We are pleased to announce that the winner of the award for the Best Paper published in 2003 is Jochen Kirchner for the paper entitled `Live cell monitoring of tyrosine phosphorylation' (Kirchner et al., 2003).
The prize, $1000, is awarded annually to the first author of the paper that is judged by the Editors and Editorial Board to be the best published in the journal that year. To be considered for the prize, the first author must be a student or post-doc of no more than five years' standing.

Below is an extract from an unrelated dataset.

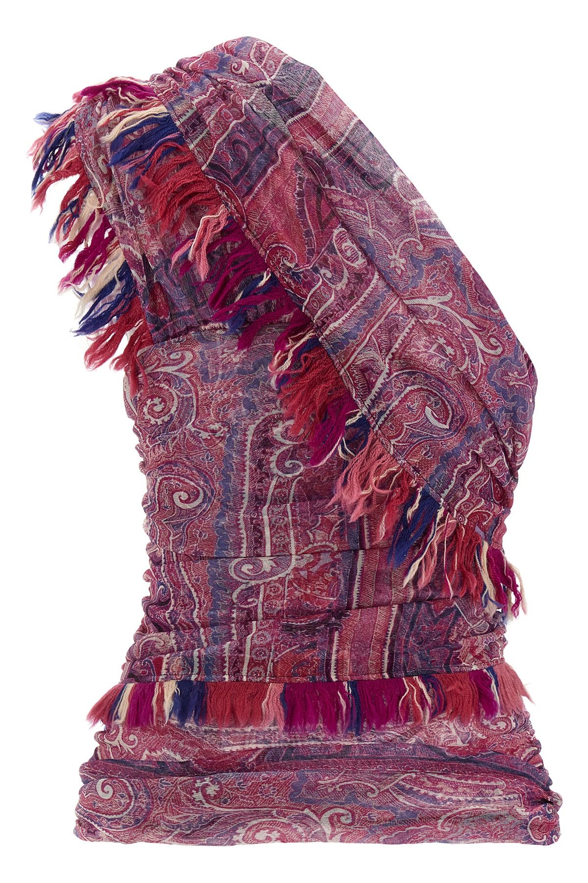 'Devona' top in draped stretch tulle with all-over print, asymmetric one-shoulder model with fringes, side zip closure.

Jochen Kirchner was born in Bad Godesberg, Germany. He studied both biochemistry and mathematics at Tübingen University and for his PhD joined the laboratory of Manfred Schliwa at the Adolf-Butenandt Institute for Cell Biology in Munich. There, he studied the interaction of the microtubule motor protein kinesin with its presumed cargo. He first tried to purify a kinesin-binding activity from organelles from the filamentous fungus Neurospora crassa. When that proved too difficult, he characterized several functionally important regions in the tail and stalk domains of Neurospora conventional kinesin, together with his co-worker Stephan Seiler. By using the viable Neurospora kinesin null mutant, they located a functionally essential cargo binding site in the tail and gained important insights into the regulatory role of the stalk (Kirchner et al., 1999; Seiler et al., 2000).

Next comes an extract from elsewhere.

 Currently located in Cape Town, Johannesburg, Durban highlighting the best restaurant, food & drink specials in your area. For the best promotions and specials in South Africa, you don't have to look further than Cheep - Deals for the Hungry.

Owing to his fascination with quantitative light microscopy, Jochen joined the laboratory of Benjamin Geiger at the Weizmann Institute of Science for his postdoctoral studies. There, he studied the dynamics of focal adhesions (FA) in living cells using GFP-technology. Although quantitative studies of protein dynamics in FA were already available (e.g. Zamir et al., 1999), the development of suitable GFP-tools for the study of signalling processes in live cells and in real time had so far been very difficult. He addressed the problem of tyrosine phosphorylation dynamics in FA by joining two SH2-domains of pp60c-Src (these domains can bind to tyrosine-phosphorylated residues) and fusing them C-terminally to YFP. The new fluorescent reporter molecule binds to phosphotyrosine in FA with an affinity that is high enough to produce a visible signal without affecting focal adhesion assembly. Excitingly, it even proved suitable for quantitative work, and provides the opportunity to study the sequence of molecular events involved in localized signalling at the single cell level and at high light microscopy resolution. Jochen demonstrated that in nocodazole-triggered FA growth, protein recruitment precedes tyrosine phosphorylation, which suggests that phosphotyrosine signalling plays a role in late stages of focal adhesion formation or in focal adhesion turnover. This new tool provides another method for studying signaling dynamics in live cells.